Dalsza część artykułu pod materiałem wideo
S1 z kłopotami. Droga ekspresowa może być oddana później
Szczególne trudności napotyka budowa 8,5-kilometrowego odcinka S1 z Przybędzy do Milówki na Żywiecczyźnie. Trasa w tym miejscu przecina Beskidy, co wymaga budowy tuneli i wysokich estakad. Jak wskazuje Portal Samorządowy, jedna z powstających tam estakad dorównuje wysokością 10-piętrowemu blokowi i ma szansę stać się jedną z najdłuższych w Polsce.
Pierwotny termin ukończenia prac na tym odcinku wyznaczono na 10 sierpnia 2023 roku. Jednakże skomplikowane warunki geologiczne spowodowały znaczne opóźnienia. W 2021 roku podczas drążenia tunelu doszło do zawału skał stropowych, co skutkowało wstrzymaniem prac i koniecznością opracowania programu naprawczego.
Obecnie zaawansowanie robót wynosi ponad 77 proc., ale wciąż pozostaje wiele do zrobienia, szczególnie w tunelach. Według najnowszych informacji Generalnej Dyrekcji Dróg Krajowych i Autostrad, oddanie tego odcinka do ruchu przewidywane jest dopiero w 2025 roku.
Tu prace jeszcze nie ruszyły
Problemy nie ominęły również 40-kilometrowego odcinka S1 między Mysłowicami a Bielskiem-Białą, podzielonego na cztery części o łącznej wartości umów sięgającej niespełna 2,3 mld zł. Jak informuje Marek Prusak, rzecznik katowickiego oddziału GDDKiA, dla odcinków między Mysłowicami a Oświęcimiem nie wydano jeszcze decyzji zezwalającej na realizację inwestycji drogowej (ZRID). "Spodziewamy się wydania tych decyzji we wrześniu tego roku" - przekazał Prusak w rozmowie z portalem.
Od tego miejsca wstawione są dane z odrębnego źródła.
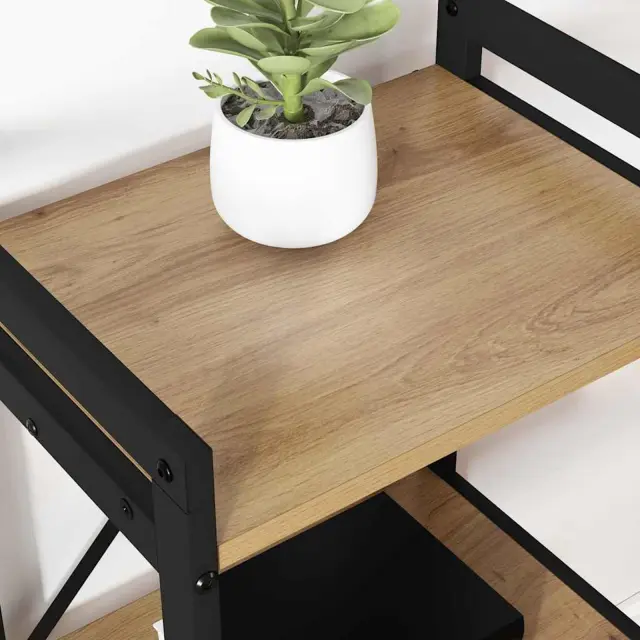 • Črno jekleno ogrodje: Ogrodje je izdelano iz trdnega jekla v elegantni črni barvi, kar zagotavlja moč in privlačen videz. Njegova robustna konstrukcija podpira težo številnih predmetov in nudi stabilno ter varno postavitev.

W związku z opóźnieniami w wydawaniu decyzji administracyjnych, wykonawcy złożyli roszczenia o przesunięcie terminu zakończenia prac. Choć nowe daty nie zostały jeszcze ustalone, można spodziewać się, że będą one znacząco odbiegać od pierwotnie zakładanych terminów.
Jeden z odcinków zagrożony
Na odcinku Oświęcim - Dankowice natrafiono na ślady osadnictwa sprzed 7-10 tysięcy lat. Odkrycie to spowodowało wstrzymanie robót w części placu budowy. W efekcie termin zakończenia budowy tego odcinka został przesunięty na 2025 rok.
Co więcej, jak nieoficjalnie informują drogowcy, istnieje ryzyko, że nawet ukończone odcinki między Bielskiem-Białą a Oświęcimiem nie zostaną od razu oddane do ruchu. Powodem jest brak odpowiedniego połączenia w rejonie Oświęcimia, co mogłoby spowodować problemy z obsługą ruchu zjeżdżającego z ekspresówki. Niewykluczone, że kierowcy będą musieli poczekać na postęp prac na dalszych odcinkach S1 w kierunku Mysłowic.